▶ [Work request] Once the line with "На рисунке –" is found in the entries below, print it and each following line exactly, stopping after the line with "Cluck, Cluck! the"; print nothing else.

▶ [Records supplied]
------------------------

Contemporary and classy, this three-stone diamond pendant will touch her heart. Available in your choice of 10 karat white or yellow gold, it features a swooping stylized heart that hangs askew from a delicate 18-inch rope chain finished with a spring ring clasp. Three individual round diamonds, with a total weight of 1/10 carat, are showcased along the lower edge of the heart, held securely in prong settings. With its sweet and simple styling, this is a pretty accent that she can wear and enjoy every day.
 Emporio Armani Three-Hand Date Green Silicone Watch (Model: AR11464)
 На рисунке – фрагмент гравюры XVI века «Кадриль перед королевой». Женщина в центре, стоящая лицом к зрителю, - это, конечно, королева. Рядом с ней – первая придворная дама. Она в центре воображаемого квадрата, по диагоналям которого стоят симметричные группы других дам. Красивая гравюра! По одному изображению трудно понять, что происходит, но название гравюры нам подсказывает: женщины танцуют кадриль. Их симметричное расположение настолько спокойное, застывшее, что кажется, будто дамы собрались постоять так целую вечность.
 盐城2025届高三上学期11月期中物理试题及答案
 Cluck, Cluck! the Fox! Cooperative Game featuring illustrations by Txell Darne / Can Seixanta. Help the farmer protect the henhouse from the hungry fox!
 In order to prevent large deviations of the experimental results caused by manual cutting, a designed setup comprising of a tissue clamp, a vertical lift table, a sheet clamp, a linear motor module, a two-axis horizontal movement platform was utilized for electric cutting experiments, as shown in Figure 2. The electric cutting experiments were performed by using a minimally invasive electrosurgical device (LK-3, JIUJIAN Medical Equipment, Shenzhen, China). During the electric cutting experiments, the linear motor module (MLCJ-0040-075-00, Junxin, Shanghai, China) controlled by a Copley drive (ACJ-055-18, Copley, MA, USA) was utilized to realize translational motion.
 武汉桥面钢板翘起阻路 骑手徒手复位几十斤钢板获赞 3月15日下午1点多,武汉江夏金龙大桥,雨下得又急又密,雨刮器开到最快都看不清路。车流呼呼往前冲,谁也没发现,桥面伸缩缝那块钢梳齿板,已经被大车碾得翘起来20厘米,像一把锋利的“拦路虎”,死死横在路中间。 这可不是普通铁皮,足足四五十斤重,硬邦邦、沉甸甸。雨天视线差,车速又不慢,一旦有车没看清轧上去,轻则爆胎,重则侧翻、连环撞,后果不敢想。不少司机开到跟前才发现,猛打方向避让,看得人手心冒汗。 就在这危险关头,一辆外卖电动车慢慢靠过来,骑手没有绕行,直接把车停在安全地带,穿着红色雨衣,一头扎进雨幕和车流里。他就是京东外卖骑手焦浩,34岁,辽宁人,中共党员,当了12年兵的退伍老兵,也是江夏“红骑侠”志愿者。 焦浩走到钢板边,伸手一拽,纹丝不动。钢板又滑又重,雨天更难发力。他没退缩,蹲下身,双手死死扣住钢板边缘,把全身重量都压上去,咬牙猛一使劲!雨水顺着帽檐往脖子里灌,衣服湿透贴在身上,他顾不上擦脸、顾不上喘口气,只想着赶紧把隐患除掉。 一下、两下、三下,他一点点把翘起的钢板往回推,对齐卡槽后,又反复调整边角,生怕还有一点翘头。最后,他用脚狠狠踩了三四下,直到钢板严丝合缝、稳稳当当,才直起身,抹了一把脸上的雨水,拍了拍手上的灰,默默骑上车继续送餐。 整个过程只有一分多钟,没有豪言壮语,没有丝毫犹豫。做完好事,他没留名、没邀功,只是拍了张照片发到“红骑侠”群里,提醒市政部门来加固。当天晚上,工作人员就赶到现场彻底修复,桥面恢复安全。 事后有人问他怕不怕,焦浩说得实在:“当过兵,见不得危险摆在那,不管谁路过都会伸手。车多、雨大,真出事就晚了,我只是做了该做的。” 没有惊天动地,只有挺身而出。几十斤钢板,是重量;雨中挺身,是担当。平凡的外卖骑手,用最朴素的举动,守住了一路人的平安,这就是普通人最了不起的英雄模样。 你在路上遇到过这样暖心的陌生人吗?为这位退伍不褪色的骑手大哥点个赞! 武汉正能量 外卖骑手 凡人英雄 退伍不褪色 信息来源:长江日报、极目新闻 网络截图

------------------------

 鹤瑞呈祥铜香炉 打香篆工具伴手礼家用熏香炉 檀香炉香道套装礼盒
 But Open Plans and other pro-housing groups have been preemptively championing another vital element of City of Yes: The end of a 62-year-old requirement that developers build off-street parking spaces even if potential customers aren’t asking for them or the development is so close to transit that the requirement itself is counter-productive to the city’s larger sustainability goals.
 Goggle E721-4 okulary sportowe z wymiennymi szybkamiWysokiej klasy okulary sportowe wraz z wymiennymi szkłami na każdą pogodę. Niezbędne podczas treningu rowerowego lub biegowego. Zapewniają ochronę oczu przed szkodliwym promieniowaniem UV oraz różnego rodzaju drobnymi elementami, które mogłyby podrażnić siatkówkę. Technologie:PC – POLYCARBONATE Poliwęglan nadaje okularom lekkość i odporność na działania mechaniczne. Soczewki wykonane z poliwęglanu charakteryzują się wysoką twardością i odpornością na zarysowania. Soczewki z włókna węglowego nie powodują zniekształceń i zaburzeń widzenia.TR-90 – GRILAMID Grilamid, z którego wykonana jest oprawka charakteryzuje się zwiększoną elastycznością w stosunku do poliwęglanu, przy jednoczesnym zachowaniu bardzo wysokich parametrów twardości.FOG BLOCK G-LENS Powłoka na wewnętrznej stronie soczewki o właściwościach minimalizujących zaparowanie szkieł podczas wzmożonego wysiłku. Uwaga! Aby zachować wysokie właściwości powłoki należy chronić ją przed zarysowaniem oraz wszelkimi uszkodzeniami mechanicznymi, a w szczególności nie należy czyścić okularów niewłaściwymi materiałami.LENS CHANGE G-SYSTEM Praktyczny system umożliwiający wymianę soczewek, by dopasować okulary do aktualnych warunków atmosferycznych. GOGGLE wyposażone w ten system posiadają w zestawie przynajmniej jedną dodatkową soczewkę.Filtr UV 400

------------------------

▶ [Task output]
 На рисунке – фрагмент гравюры XVI века «Кадриль перед королевой». Женщина в центре, стоящая лицом к зрителю, - это, конечно, королева. Рядом с ней – первая придворная дама. Она в центре воображаемого квадрата, по диагоналям которого стоят симметричные группы других дам. Красивая гравюра! По одному изображению трудно понять, что происходит, но название гравюры нам подсказывает: женщины танцуют кадриль. Их симметричное расположение настолько спокойное, застывшее, что кажется, будто дамы собрались постоять так целую вечность.
 盐城2025届高三上学期11月期中物理试题及答案
 Cluck, Cluck! the Fox! Cooperative Game featuring illustrations by Txell Darne / Can Seixanta. Help the farmer protect the henhouse from the hungry fox!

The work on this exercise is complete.